Cosmic horror, Fantasy

Other websites:

Summary
"The city of the dead" in Cairo is not just any neighborhood, but the largest cemetery on the planet, a colossal ocean of bones in which live hundreds of abandoned children and in which the emissary of forces older than man has just settled, the sands of the desert and the capricious orbits that trace the stars in their cycles of madness.
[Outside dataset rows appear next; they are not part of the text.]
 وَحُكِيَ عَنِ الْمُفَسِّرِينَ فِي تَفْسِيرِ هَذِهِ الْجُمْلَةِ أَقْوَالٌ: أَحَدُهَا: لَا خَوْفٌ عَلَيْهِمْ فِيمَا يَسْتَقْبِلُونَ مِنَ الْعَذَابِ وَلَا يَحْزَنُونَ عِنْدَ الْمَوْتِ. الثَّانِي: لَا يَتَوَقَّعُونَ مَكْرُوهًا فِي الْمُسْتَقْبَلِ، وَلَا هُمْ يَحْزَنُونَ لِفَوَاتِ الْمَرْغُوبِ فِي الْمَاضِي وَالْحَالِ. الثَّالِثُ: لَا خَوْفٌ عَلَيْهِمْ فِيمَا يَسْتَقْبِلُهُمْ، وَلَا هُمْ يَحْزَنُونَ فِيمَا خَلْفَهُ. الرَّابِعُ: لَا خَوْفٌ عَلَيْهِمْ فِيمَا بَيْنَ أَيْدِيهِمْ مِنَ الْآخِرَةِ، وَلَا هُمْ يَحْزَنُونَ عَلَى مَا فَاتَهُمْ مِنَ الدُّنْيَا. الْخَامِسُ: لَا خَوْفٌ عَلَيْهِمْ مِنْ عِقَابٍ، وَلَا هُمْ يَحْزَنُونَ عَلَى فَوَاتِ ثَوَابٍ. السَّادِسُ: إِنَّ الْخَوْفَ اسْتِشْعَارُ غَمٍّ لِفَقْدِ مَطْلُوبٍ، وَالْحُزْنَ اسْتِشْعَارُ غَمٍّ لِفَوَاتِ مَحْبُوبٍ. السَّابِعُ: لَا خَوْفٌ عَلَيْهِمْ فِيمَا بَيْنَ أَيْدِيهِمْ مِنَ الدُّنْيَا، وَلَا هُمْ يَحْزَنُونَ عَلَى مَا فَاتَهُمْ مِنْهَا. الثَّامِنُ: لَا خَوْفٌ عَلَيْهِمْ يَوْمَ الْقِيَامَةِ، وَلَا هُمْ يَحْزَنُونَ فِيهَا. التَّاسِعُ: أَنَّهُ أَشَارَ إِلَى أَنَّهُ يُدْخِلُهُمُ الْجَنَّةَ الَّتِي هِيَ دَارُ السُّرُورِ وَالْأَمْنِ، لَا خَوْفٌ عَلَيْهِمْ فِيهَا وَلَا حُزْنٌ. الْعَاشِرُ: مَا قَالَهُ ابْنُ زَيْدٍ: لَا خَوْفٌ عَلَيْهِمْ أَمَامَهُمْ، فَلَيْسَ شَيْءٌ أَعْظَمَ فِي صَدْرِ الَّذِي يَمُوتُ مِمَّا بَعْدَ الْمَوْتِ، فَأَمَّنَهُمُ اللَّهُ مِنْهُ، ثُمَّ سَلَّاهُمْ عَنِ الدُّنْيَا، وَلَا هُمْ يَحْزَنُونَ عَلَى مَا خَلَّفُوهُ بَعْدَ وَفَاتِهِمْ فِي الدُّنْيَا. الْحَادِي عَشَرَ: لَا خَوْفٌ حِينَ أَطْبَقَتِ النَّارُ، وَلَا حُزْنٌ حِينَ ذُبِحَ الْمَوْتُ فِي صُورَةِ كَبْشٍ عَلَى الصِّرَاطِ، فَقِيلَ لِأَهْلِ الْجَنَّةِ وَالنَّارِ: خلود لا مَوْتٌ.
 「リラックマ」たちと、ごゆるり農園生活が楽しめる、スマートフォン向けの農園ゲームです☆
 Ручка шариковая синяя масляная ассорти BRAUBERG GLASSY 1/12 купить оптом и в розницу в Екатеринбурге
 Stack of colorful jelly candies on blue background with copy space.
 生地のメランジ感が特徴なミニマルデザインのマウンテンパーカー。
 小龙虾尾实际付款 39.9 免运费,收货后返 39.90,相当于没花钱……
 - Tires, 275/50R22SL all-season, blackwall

This is the story of a plan to raze the world, of a silver key hidden in a tomb in Barcelona, of a trip by car towards the limits of sanity... and of five wretches who will try to frustrate the designs of the first engine of chaos, of the antithesis of creation, of the foolish sultan of demons, of the one who gnaws, groans and drools in the center of the final void. Extraños eones is a bold twist on the core of "Cthulhu Myths". With the hard language and vibrant pulse to which we are accustomed, Emilio Bueso is overcome in a perverse story that shows why he has become the author called to revolutionize the Spanish horror literature. (Goodreads)
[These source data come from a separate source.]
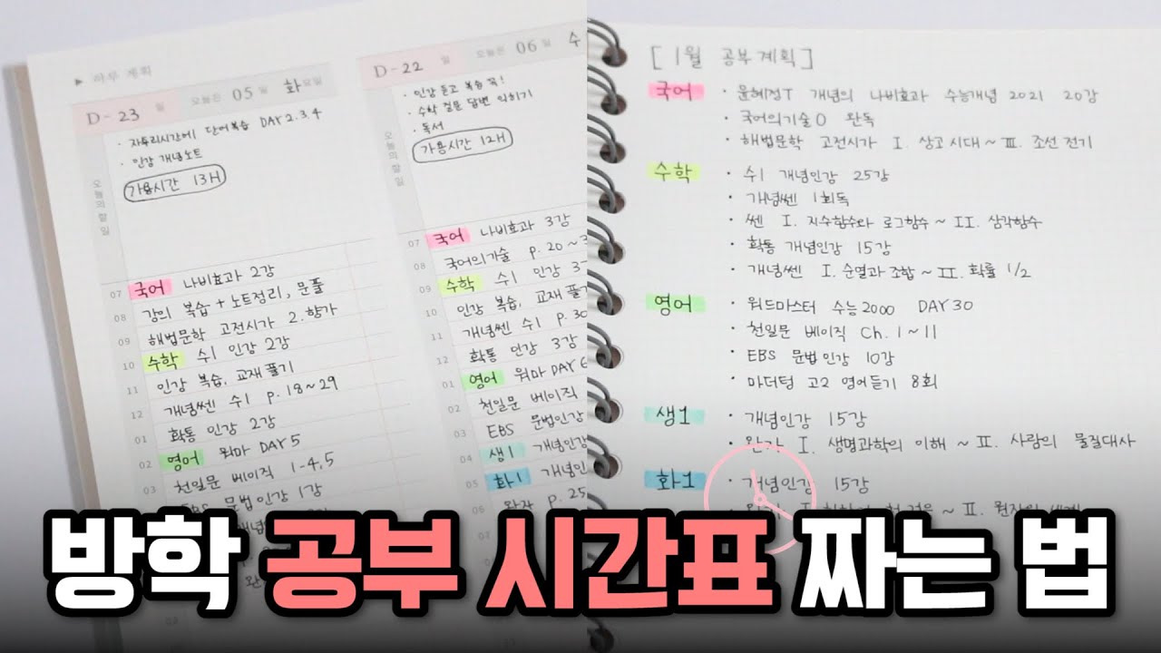 [3] YouTube - 겨울방학 공부 시간표 짜는 법 & 과목 시간 분배하는 법! ... (https://www.youtube.com/watch?v=YP6itKOn3Ns)
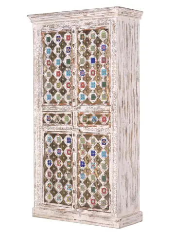 Schrank mit 4 Türen und 2 Schubladen, aus Mangoholz. . Artikelmaße: 185 cm Höhe – 100 cm Länge – 100 cm Tiefe. Artikelgewicht: 92KG. Wood
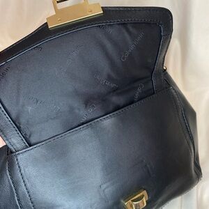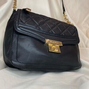 Features a quilted flap design, gold-tone hardware, and signature Calvin Klein logo lock.
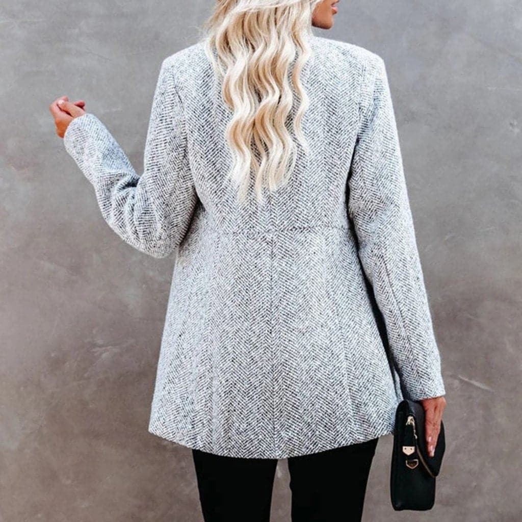 Der lässige Schnitt bietet Bewegungsfreiheit, ohne den eleganten und taillierten Look zu opfern, der diesen Mantel zu einer vielseitigen Ergänzung Ihrer Garderobe macht. Ob Sie ins Büro gehen oder ein Brunch am Wochenende genießen, der klassische Heather-Strickmantel passt perfekt zu allem, von lässiger Denim bis hin zu eleganter Kleidung.
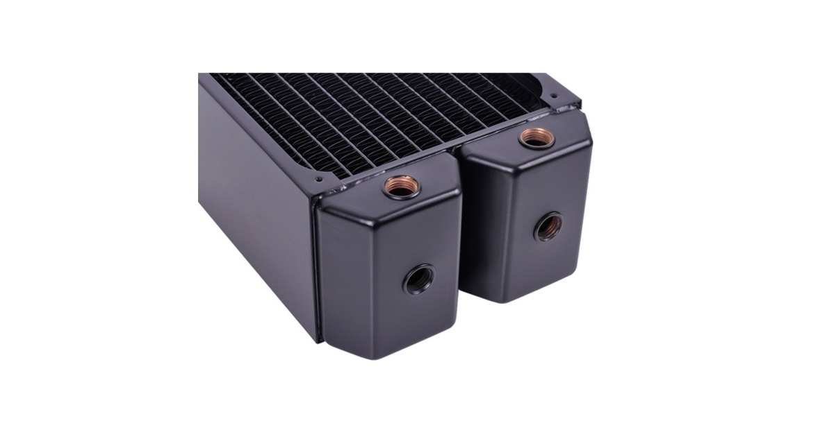 Der Hersteller Alphacool setzt bei allen wasserführenden Teilen auf reines Kupfer. Die Vorkammern, Wasserkanäle und die Finnen sind alle aus reinem Kupfer. Dadurch bieten Alphacool Radiatoren höchste Wärmeleitfähigkeit, wodurch das Leistungslimit deutlich höher liegt als bei Aluminium Radiatoren. Kurz gesagt, die Kühlleistung ist schlichtweg höher, wenn man sehr viel Wärme abführen möchte. Kupfer ist im Wasserkühlungsbereich seit Jahren die beste Wahl. Alle Alphacool Radiatoren sind für den Silent Betrieb ausgelegt. Man benötigt also keine Lüfter mit besonders hohem statischen Druck, um die gewünschte Performance zu erzielen, sondern kann auf normale Lüfter mit niedriger Drehzahl setzen. Der Performanceverlust gegenüber speziellen Lüftern für Radiatoren ist dadurch geringfügig und kann normalerweise ignoriert werden. Wer natürlich die maximale Kühlleistung erreichen will und auf angepasste Lüfter für Radiatoren setzt, wird natürlich auch nicht enttäuscht. Die maximale Performance leidet nicht darunter. Dank des Kupfers und dem qualitativ hochwertigen Herstellungsverfahren erhält man auch mit Hochleistungslüftern immer noch eine enorme Leistungssteigerung für die wassergekühlten Komponenten. Die Lüfter werden mit den beiliegenden 30 oder 35 mm M3 Schrauben montiert. Dabei bieten alle Alphacool Radiatoren einen Schutz, der verhindert, dass die Schrauben in die Kühlfinnen geschraubt werden können. Eine Metallplatte unterhalb der Bohrungen verhindert das weitere Eindringen der Schrauben. Um den Radiator direkt am Gehäuse zu montieren, liegen passende Schrauben im Lieferumfang bei. Alphacool deckt mit der NexXxoS Radiator-Reihe nahezu alle Größen ab und bietet in diesem Bereich ein umfangreiches Portfolio. Angefangen von 40 mm Dual Radiatoren bis hin zum Triple Radiator für 180 mm Lüfter. Dazu unterschiedliche Dicken: ST30, XT45, UT60 und Monsta, wobei die Zahl immer für die Dicke des Radiators in Millimetern steht und die Monsta Radiatoren ca. 86 mm dick sind.Art.-Nr.: 1646120

Egyptomania narratives or motifs
Emilio Bueso's novel is mainly set in the so-called ‘City of the Dead’, the Al Arafa cemetery in Cairo, a place of enormous peculiarity. This cemetery is, fortunately, off the tourist trail, but I would even advise you to stay away from these necropolises that are inhabited by more than 50,000 people, if you want to avoid trouble. If you want to get a glimpse of what Al Arafa is like, I recommend the Spanish documentary ‘Los hijos de los muertos’ (Luay Albasha, 2021).
Returning to the novel, it is striking, and in my opinion commendable, that the author makes hardly any references to Egypt's pharaonic past in this novel. Rather, Egyptian culture appears simply through a Lovecraftian filter. In its wanderings through Cairo, the novel hardly resorts to clichés: the pyramids are not mentioned, the sphinx is of little importance, and there is little hint of the mass tourism in the country. Instead, it narrates the life of a gang of children, who live in one of the abandoned mausoleums of El Arafa, and try to survive the misery and hardships of large sectors of the population in Egypt.
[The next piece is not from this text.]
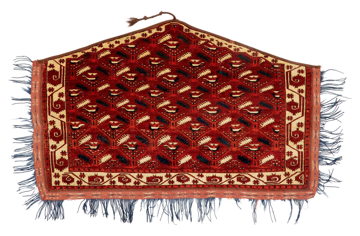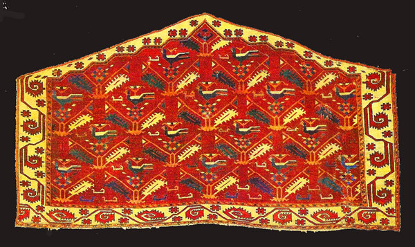 A Bird Asmalyk is a type of Turkmen asmalyk distinguished by motifs that resemble stylized birds. Asmalyks are pentagonal-shaped rugs used by Turkmen tribes as ceremonial decorations for camels during wedding processions. Bird asmalyks incorporate symbolic bird-like forms within their geometric patterns. These textiles are woven primarily by Turkmen tribes such as the Tekke and Yomut and represent an important ceremonial textile within Turkmen culture.
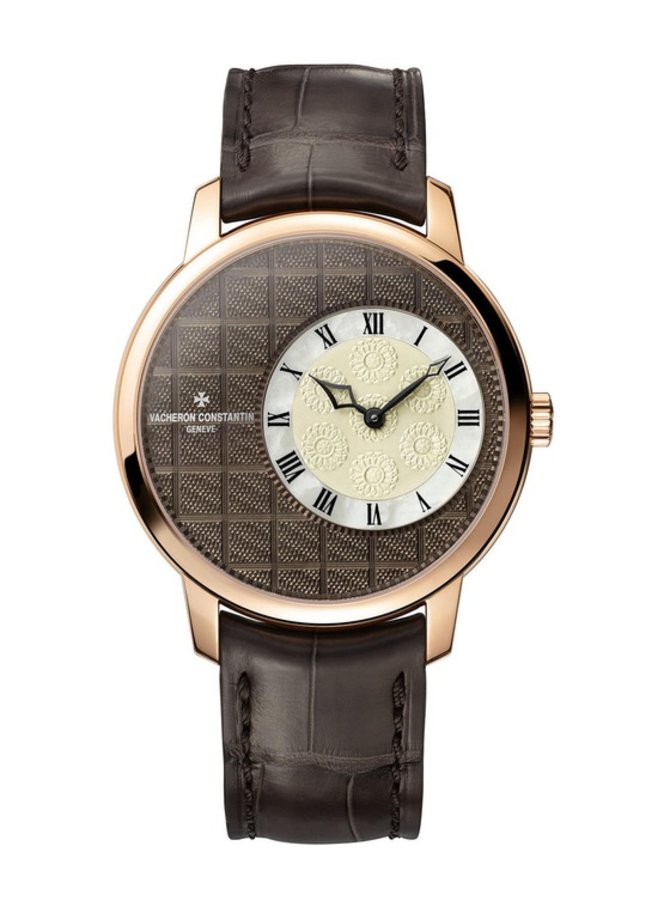 Художественная коллекция "Metiers d`Arts" часовой компании Vacheron Constantin в 2016 году приняла в свой состав элегантную классическую модель "Elegance Sartoriale" в круглом 40-миллиметровом корпусе из 18-каратного розового золота, в котором установлен мануфактурный калибр 1400 с ручным подзаводом, указывающий на художественном циферблате текущее время - часы и минуты. Толщина корпуса составляет всего 8.2 мм. Коричневый гильошированный циферблат с принтом "оконное стекло" - результат проделанной ручной работы мастеров мануфактуры Vacheron Constantin. Механизм обладает 40-часовым запасом хода. Ремешок к представленной модели пошит из натуральной кожи аллигатора и оснащен классической застежкой из розового золота. Герметичность корпуса - 30 метров. Цена на представленную модель "Elegance Sartoriale", рекомендованная производителем, составляет 53600 $.

Within H.P. Lovecraft's so-called ‘Cthulhu Mythos’—a designation that is clearly imprecise and foreign to Lovecraft himself—Nyarlathotep is the entity/deity that takes centre stage in the novel. Among Nyarlathotep’s multitude of possible forms, he takes that of the black pharaoh, emissary of the aberrant and stupid Azathoth. With the mission of conducting a massive sacrificial ritual on earth, the black pharaoh arrives in El Arafa, where he and his henchmen kidnap multiple children. These children are taken to Nubia, where an ancient city lies hidden beneath the sands. In fact, rather than purely Egyptian elements, it is Meroitic elements that take precedence in this fantasy of cosmic horror. While there are hieroglyphics, pyramids, and ruins, all of this is filtered through Lovecraftian influences, as I noted above. Thus, the desert city is a delirium of cyclopean forms with no known architectural logic, revealing the clearly celestial nature of its constructions.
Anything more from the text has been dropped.